» **Task description**:
Starting at the first line of the listing below, repeat each line exactly until you have repeated the one containing "Жіноча піжама штани"; skip the pictures.

» **Records supplied**:
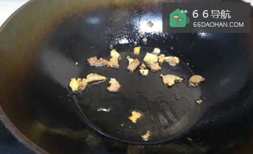 33.入切好的肉,进行煸香,可以加一点点生抽(半勺左右)。
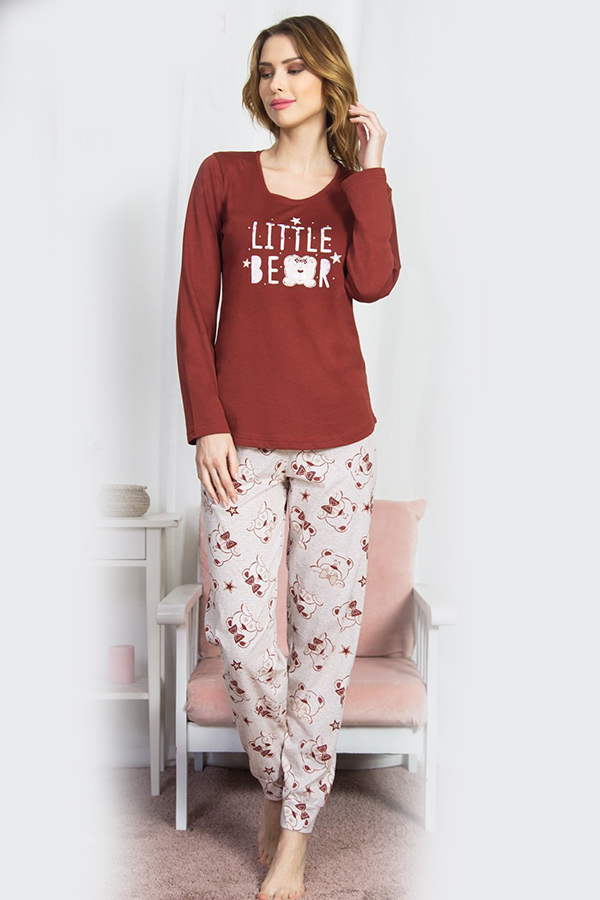 Жіноча піжама штани на манжетах кофта довгий рукав купити в Україні
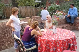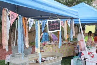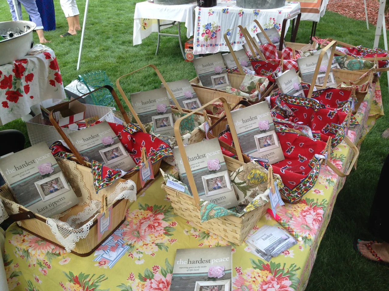 Heather booked a bluegrass band. Jill made fun banners. Shelley and Connie jumped in to help too. We had booths for the kids, who wore vintage aprons and made jars of cookie mix and did miniature paintings. We set up an easel to hold a beautiful painting of a vase Lindsay had done where adult guests could add their own creative touch to the canvas with flowers. Kara joked with me that we were both “includers,” and had it been left to us, we would have had 2,000 folks there. But our yard is only so big. We barbecued and had a huge feast. Kara read from her book on the back patio and wept as we listened earnestly to the truth and grace God had given her to share. It will remain a treasured memory for me always.
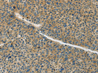 The image on the left is immunohistochemistry of paraffin-embedded Human liver cancer tissue using CSB-PA078531(GJC1 Antibody) at dilution 1/50, on the right is treated with synthetic peptide. (Original magnification: ×200)
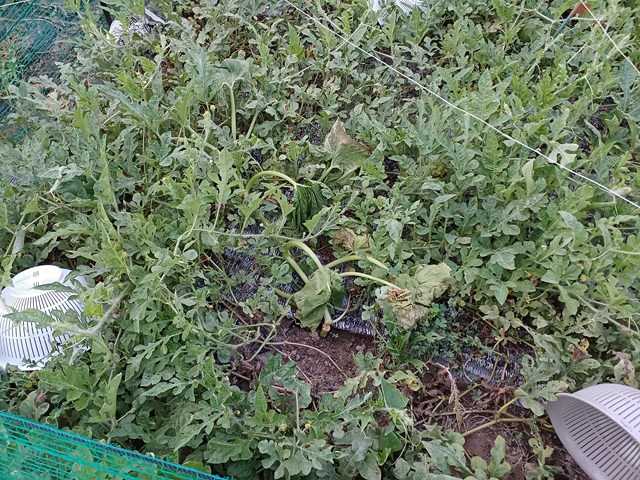 カボチャは株元付近から葉が枯れ、伸ばしている子蔓も暑さで細く枯れていっています。右側から左奥に伸びた蔓はどんどん伸び、左手前に戻ってきています。株元付近が枯れているのに先はどんどん伸びています。蔓を動かした際にサツマイモのように蔓から根が出ていました。蔓は動かさない方が良いようです。秋採りのカボチャを2株定植しましたが、ウリハムシがたかっていました。先日防除したんですが、また寄ってきたようです。1株は寒冷紗を掛けましたが、もう少し大きくなるまで行燈をした方が良いかもしれません。なかなか実のコルク化が進んでいないですが、虫は実を食べていました。爪がまだ刺さるのですが、早く収穫しておいた方がいいのかな。スイカがまた割れていました。昨日は大丈夫でしたので、食べられそうかなと持ち帰りましたが、まだ甘くなかったようです。また実が増えていたので実の着けすぎかもしれません。最近ついたような実をとりました。これでもまだ11個着果しています。ランキングに参加しています。クリックよろしくお願いします。にほんブログ村
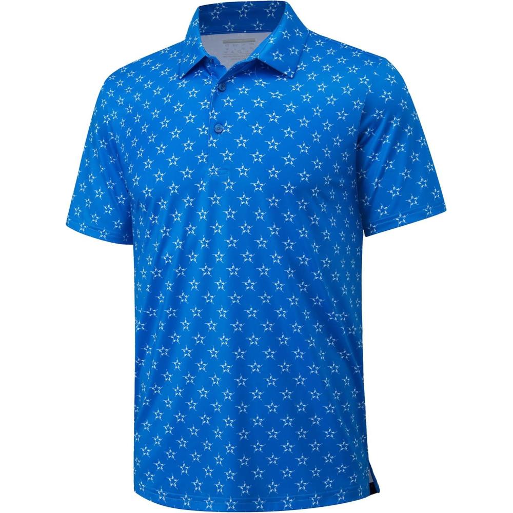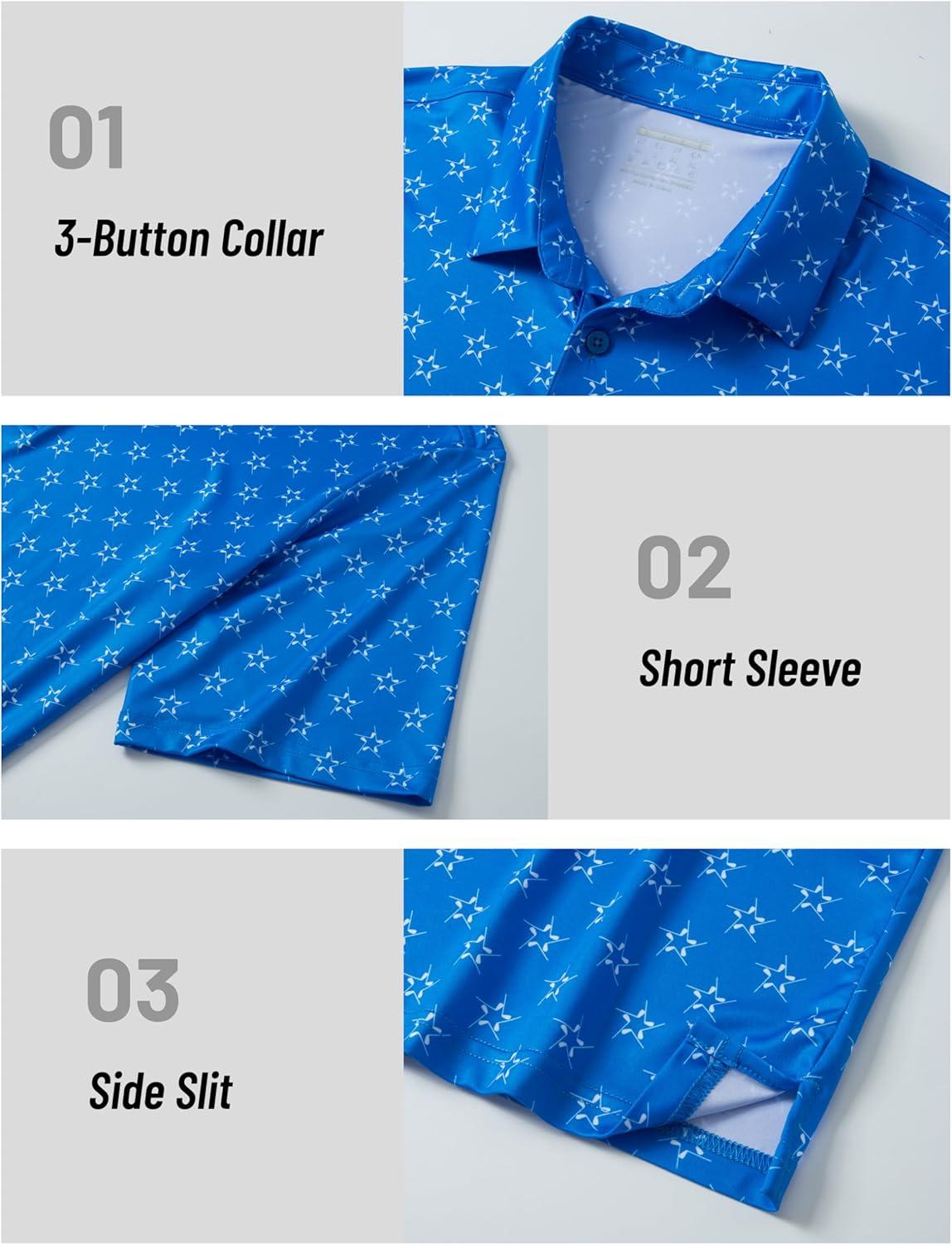MAGCOMSEN Mens Polo Shirts Short Sleeve Print Patterns Collared Shirt Performance Moisture Wicking Golf Polos(Blue Star)
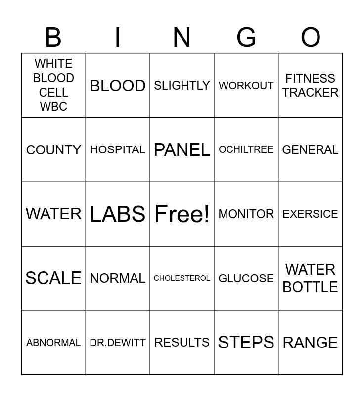 This bingo card has a free space and 24 words: NORMAL, DR.DEWITT, PANEL, ABNORMAL, FITNESS TRACKER, WHITE BLOOD CELL WBC, COUNTY, BLOOD, MONITOR, CHOLESTEROL, OCHILTREE, WATER, GLUCOSE, WATER BOTTLE, HOSPITAL, STEPS, EXERSICE, SLIGHTLY, GENERAL, LABS, RANGE, SCALE, WORKOUT and RESULTS.
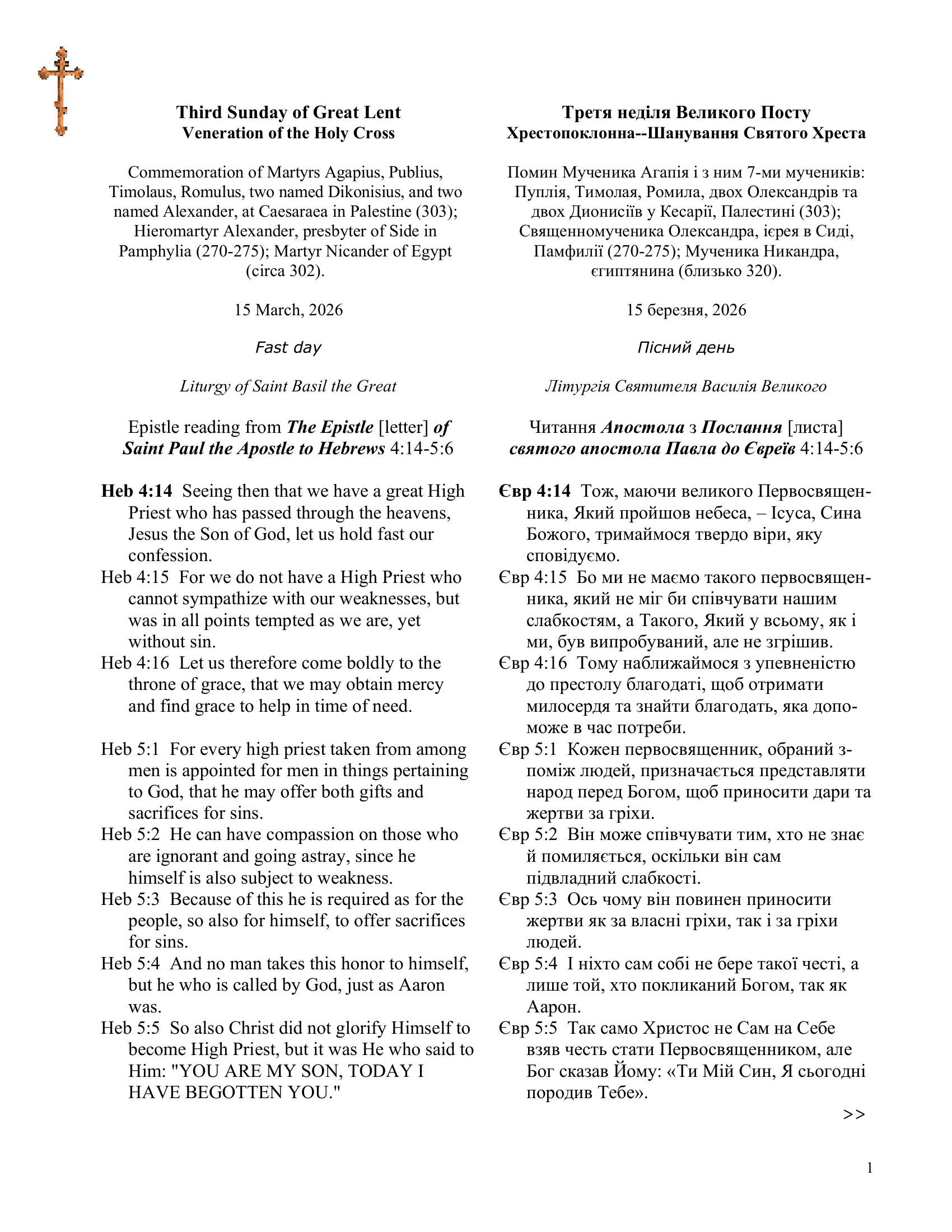 Sun. March 15, 2026 • Нед. 15 березня 2026 р. Weekly Readings Mar 11 Written By Kira Kralytsia weekly readings Kira Kralytsia
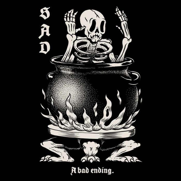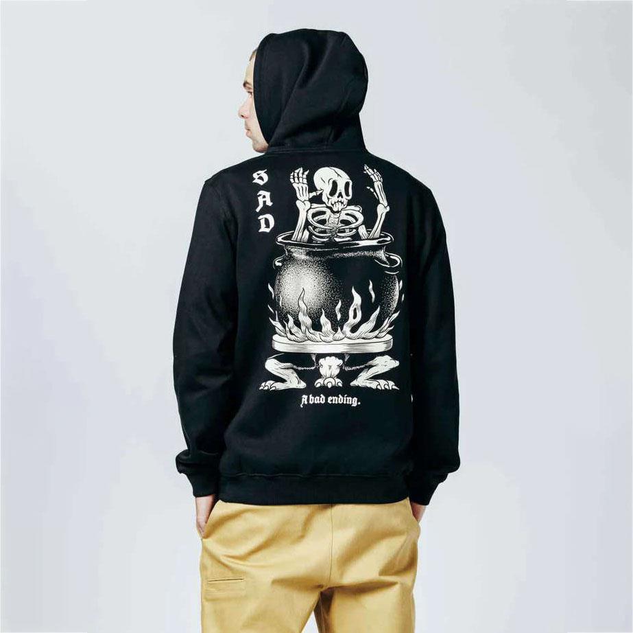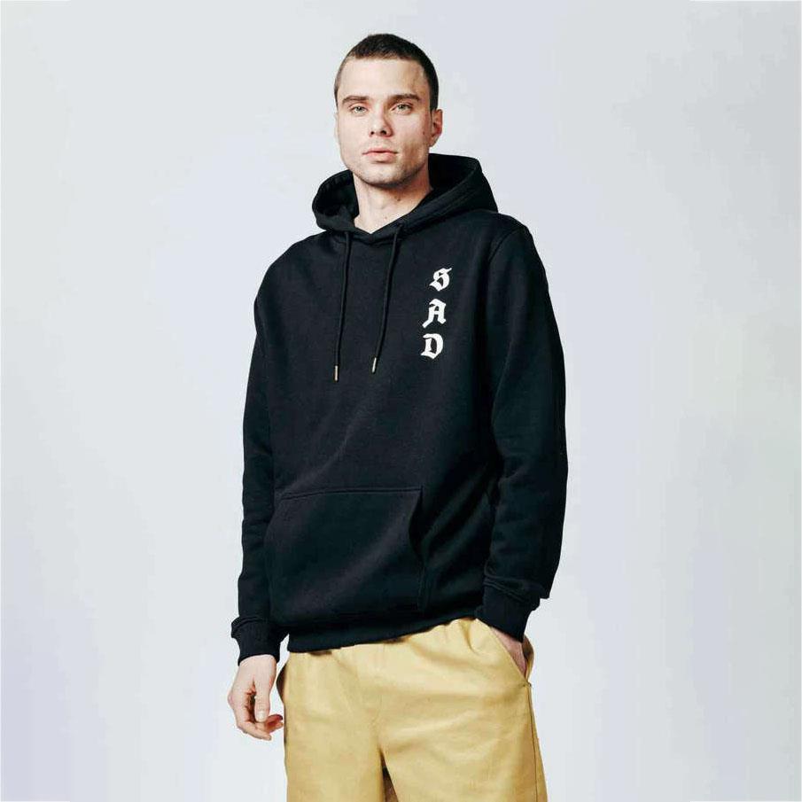Camisola com capuz clássica preta premium com arte SAD de mcbess.
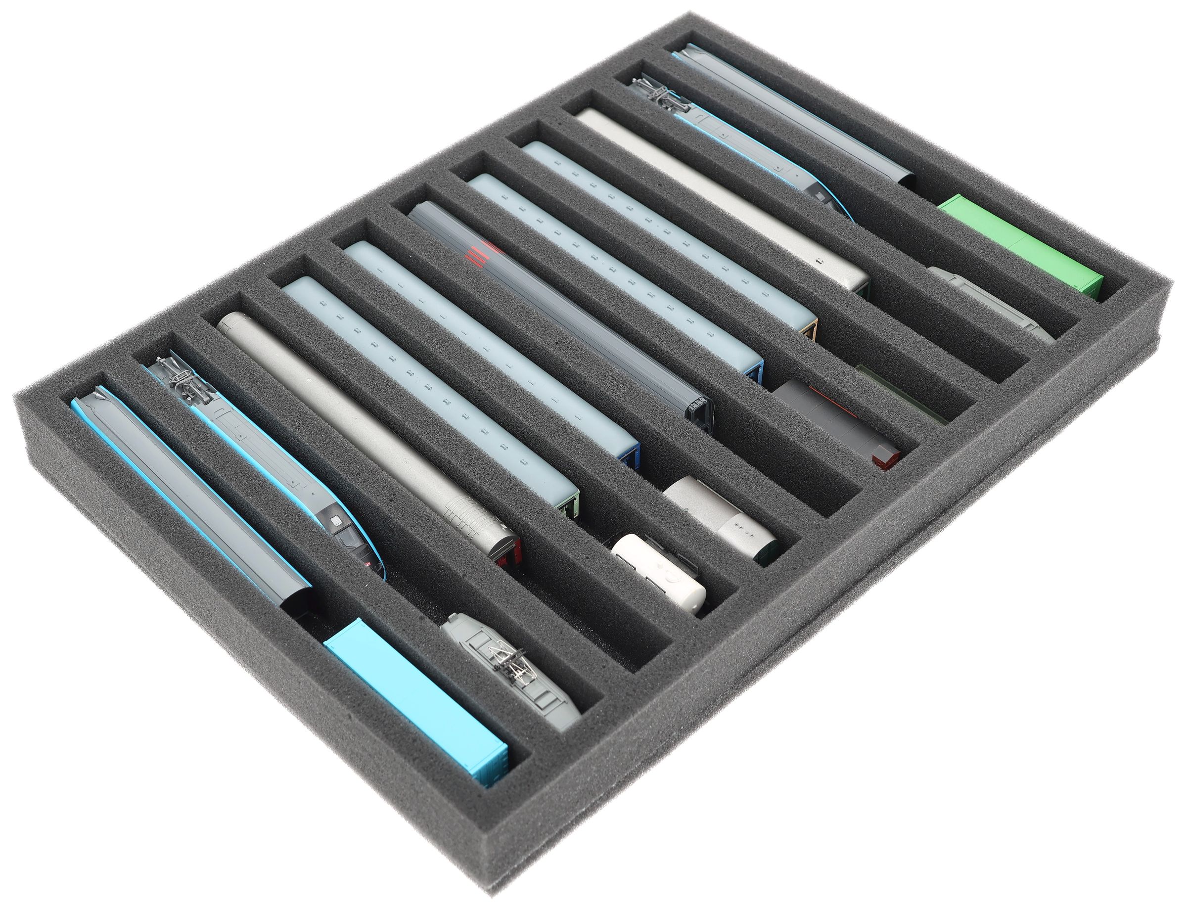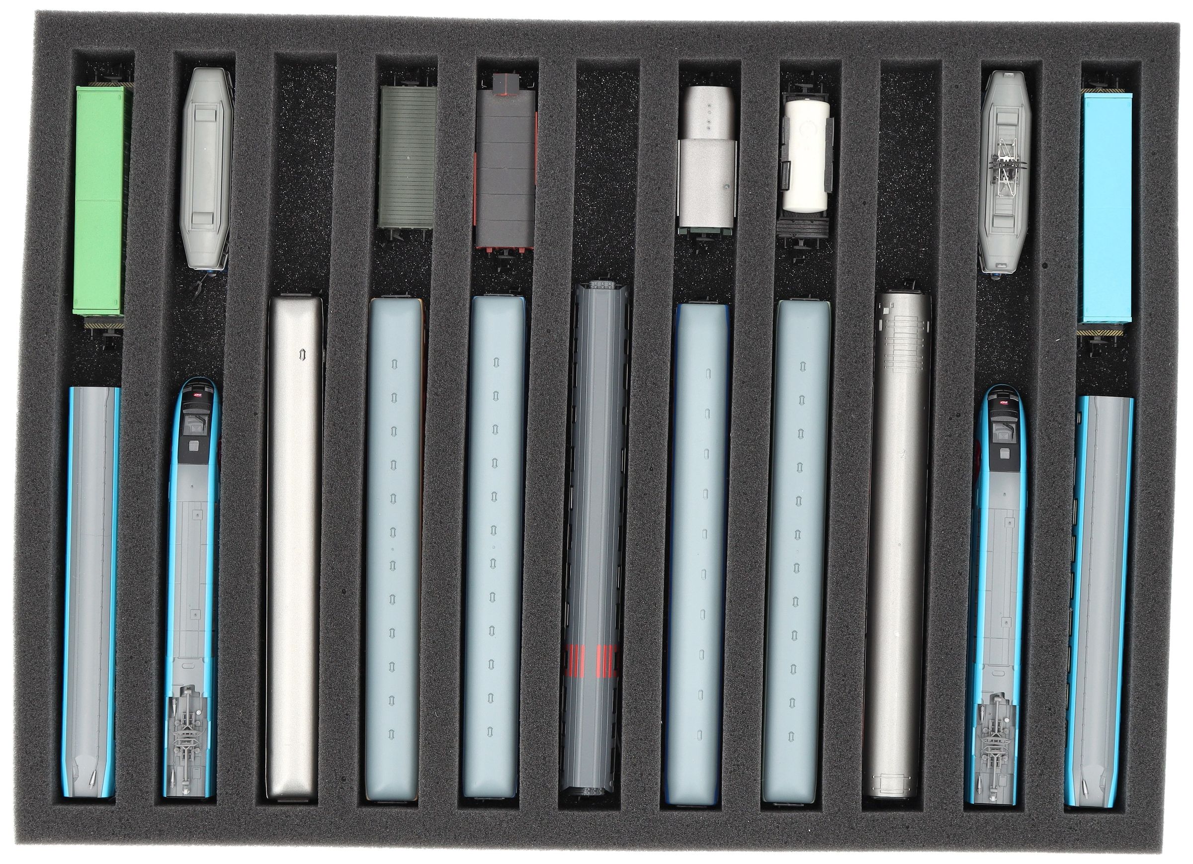 Whether for transport to exhibitions, module meetings, or safe storage on shelves at home, this insert keeps your N scale locomotives and cars reliably protected. The 11 compartments hold the models upright and shield them from bumps and scratches.

» **Exercise answer**:
 33.入切好的肉,进行煸香,可以加一点点生抽(半勺左右)。
 Жіноча піжама штани на манжетах кофта довгий рукав купити в Україні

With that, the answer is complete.